** Opening Task data block **

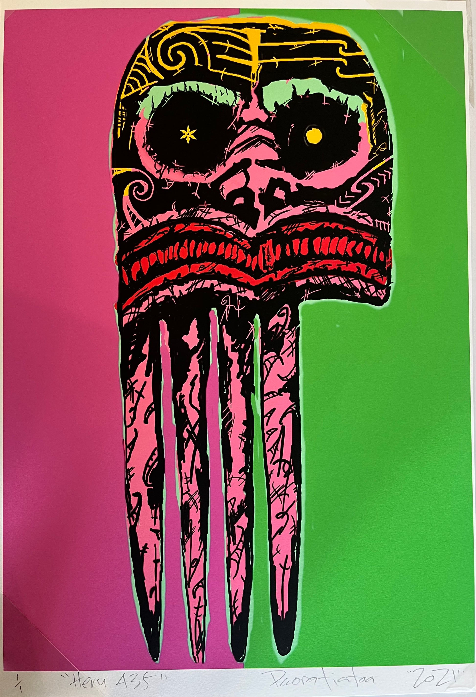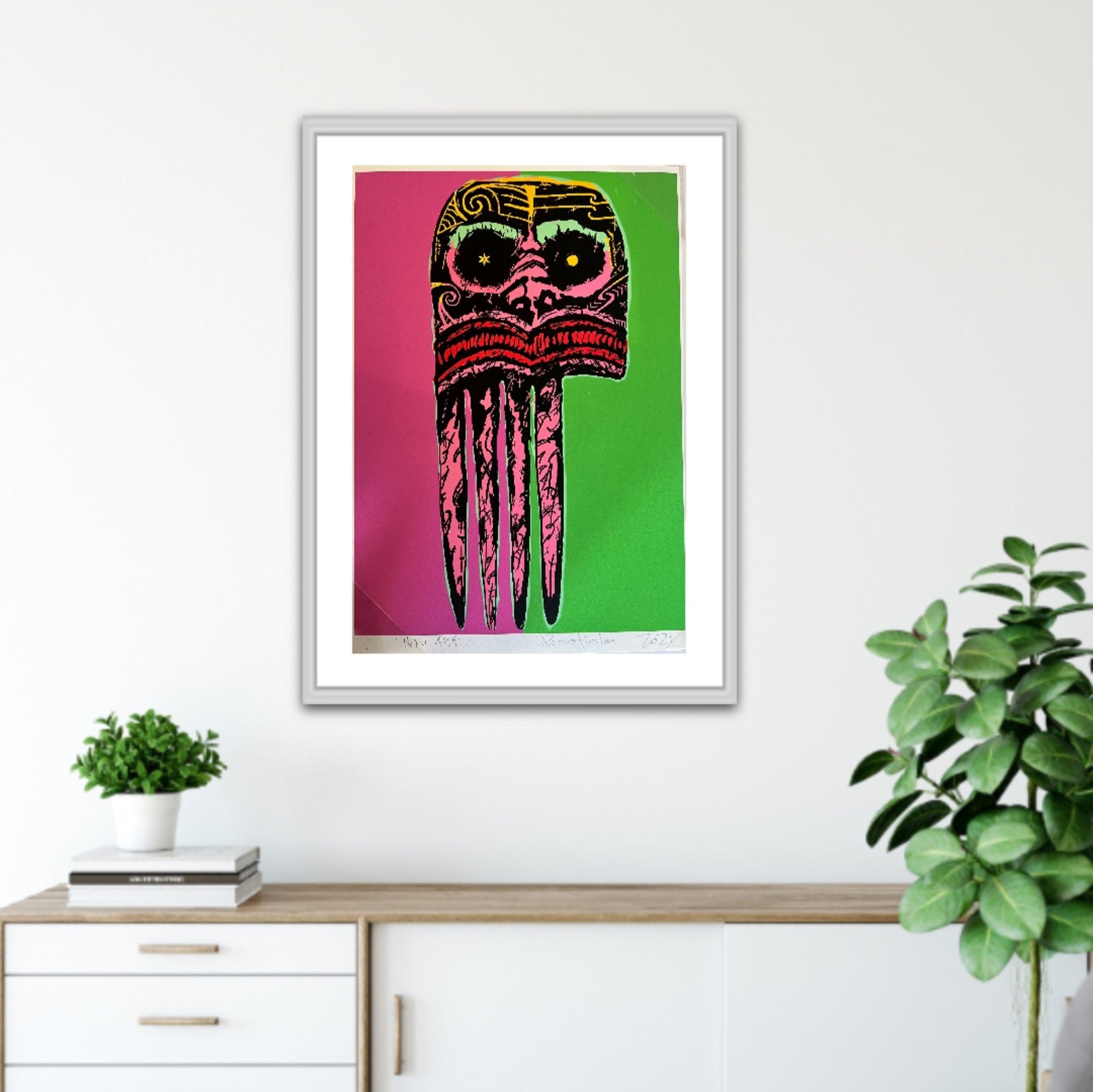My journey has involved a fusion of influences, stories, bold colour and tohu (sign). These include Māori creation myths, tā Moko, tāonga held in the British Museum, popular culture, art history, ‘DJ-ing’ and personal narrative. My screen prints are not about a single issue, but rather cover many issues that are interconnected. I am attracted to beauty in whatever shape or form it may present itself to me and hold things that are precious or have cultural significance paramount in my work.
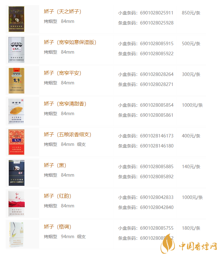 2020年嬌子香煙價格表圖
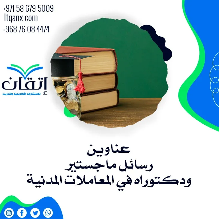 وفي الختام يتضح أن المعاملات المدنية تتميز بتوسع كبير في الموضوعات البحثية، خاصة مع التطور التكنولوجي والتحول الرقمي الذي يشهده المجتمع الدولي، وقد قدمت لكم شركة إتقان للاستشارات الأكاديمية والتدريب أهم عناوين رسائل ماجستير ودكتوراه في المعاملات المدنية، كما تقدم خدماتها في إعداد الرسائل العلمية بشكل احترافي عن طريق نخبة من الأساتذة المتخصصين، كل ما عليك هو التواصل معنا عبر الواتساب، وسيتم الرد عليكم في أسرع وقت.
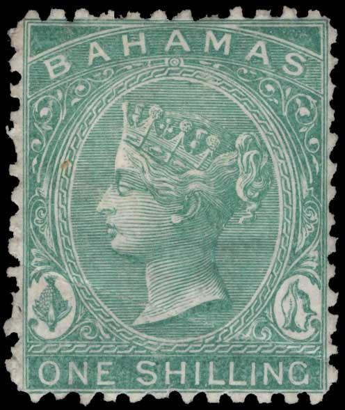 BAHAMAS, 1865, 1sh GREEN PERF 12½ MINT, #15, unusually well-centered for this issue, o.g., h.r., slight horizontal crease not noted on cert., very fine, wth 1980 SPA cert., cat. $3,250.00, Gibbons #38 @ £2,750.00 (Image)
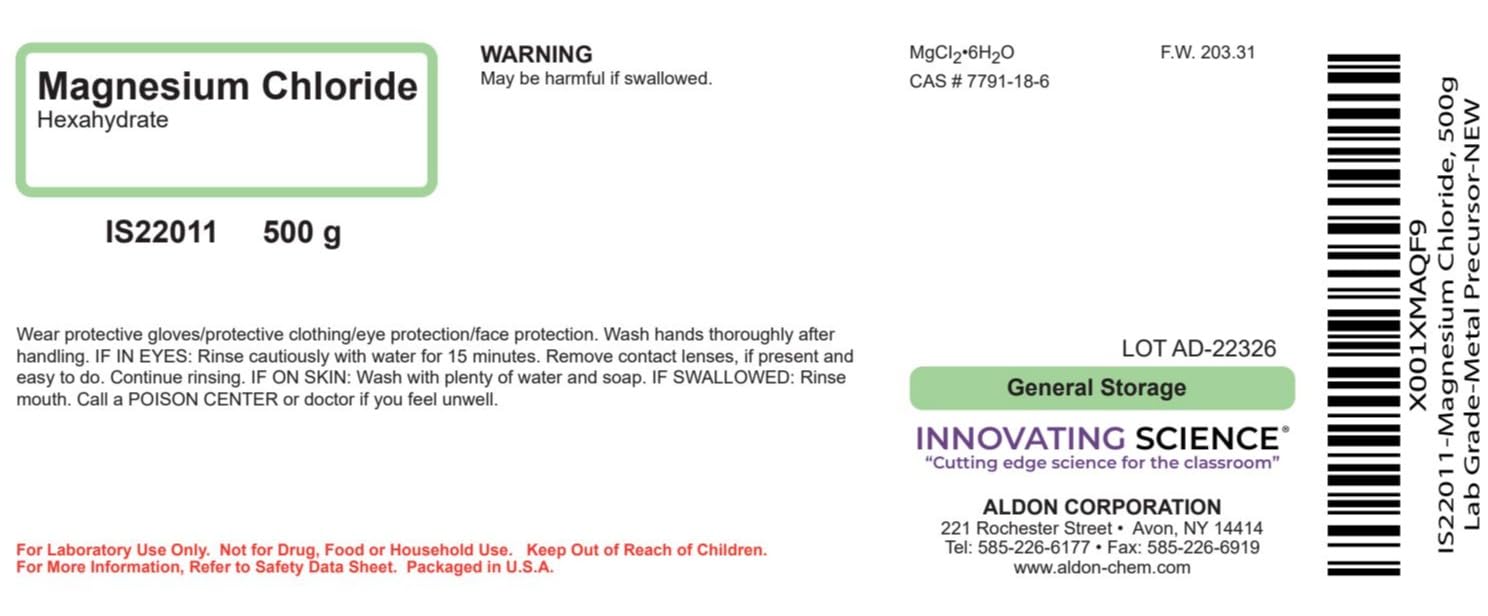 Magnesium Chloride, 500g - Laboratory GradeSingle, 500g bottle of magnesium chloride. Magnesium chloride is often used as a metal precursor, making this chemical a perfect fit in any educational lab dealing with chemistry or inorganic chemistry. This chemical is laboratory grade, and is suitable for use in any educational or research laboratory. Safe handling and storage procedures printed directly on the bottle. The Curated Chemical Collection by Innovating Science is comprised of high quality chemical products that manufactured in the United States.For Laboratory Use Only. Not for drug, food or household use. Keep out of reach of children. For more information, refer to the Safety Data Sheet.
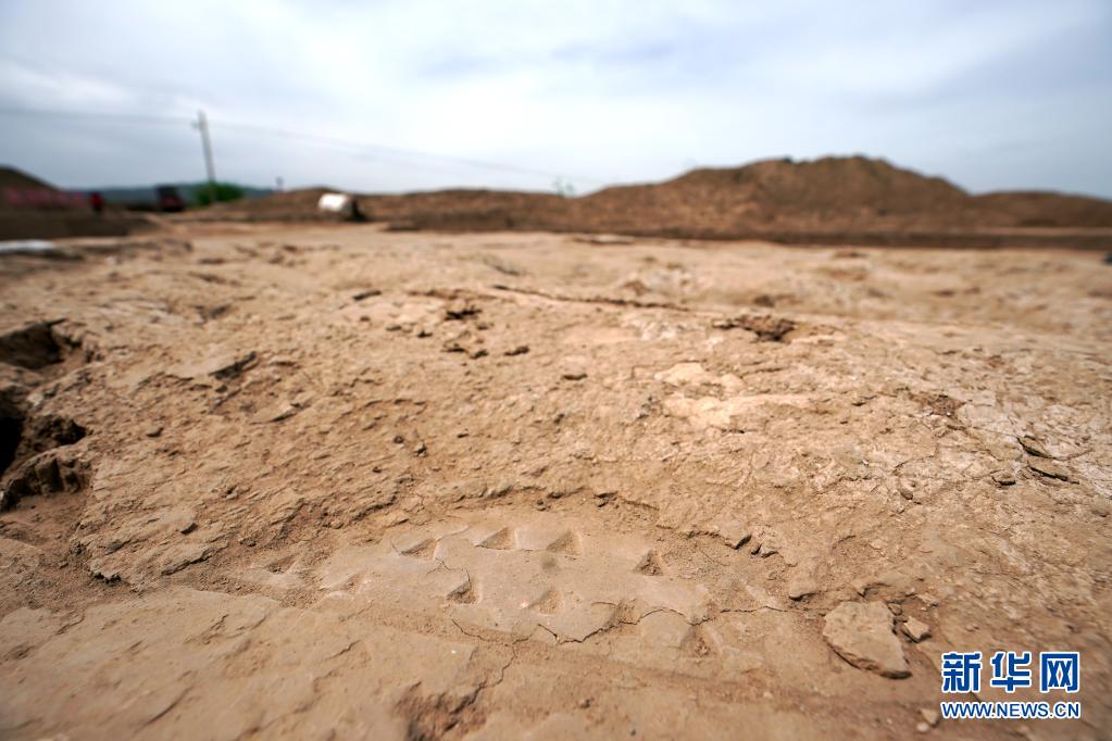 陶寺遗址宫城内大型夯土建筑基址上的房址“装修”的痕迹(6月3日摄)。新华社记者 詹彦 摄

** Closing Task data block **

* [Task requirements]:
In the answer, include exactly the lines from the top of the entries through the line containing "BAHAMAS, 1865, 1sh", and nothing else, not even the pictures.

* [Solution to the problem]:
My journey has involved a fusion of influences, stories, bold colour and tohu (sign). These include Māori creation myths, tā Moko, tāonga held in the British Museum, popular culture, art history, ‘DJ-ing’ and personal narrative. My screen prints are not about a single issue, but rather cover many issues that are interconnected. I am attracted to beauty in whatever shape or form it may present itself to me and hold things that are precious or have cultural significance paramount in my work.
 2020年嬌子香煙價格表圖
 وفي الختام يتضح أن المعاملات المدنية تتميز بتوسع كبير في الموضوعات البحثية، خاصة مع التطور التكنولوجي والتحول الرقمي الذي يشهده المجتمع الدولي، وقد قدمت لكم شركة إتقان للاستشارات الأكاديمية والتدريب أهم عناوين رسائل ماجستير ودكتوراه في المعاملات المدنية، كما تقدم خدماتها في إعداد الرسائل العلمية بشكل احترافي عن طريق نخبة من الأساتذة المتخصصين، كل ما عليك هو التواصل معنا عبر الواتساب، وسيتم الرد عليكم في أسرع وقت.
 BAHAMAS, 1865, 1sh GREEN PERF 12½ MINT, #15, unusually well-centered for this issue, o.g., h.r., slight horizontal crease not noted on cert., very fine, wth 1980 SPA cert., cat. $3,250.00, Gibbons #38 @ £2,750.00 (Image)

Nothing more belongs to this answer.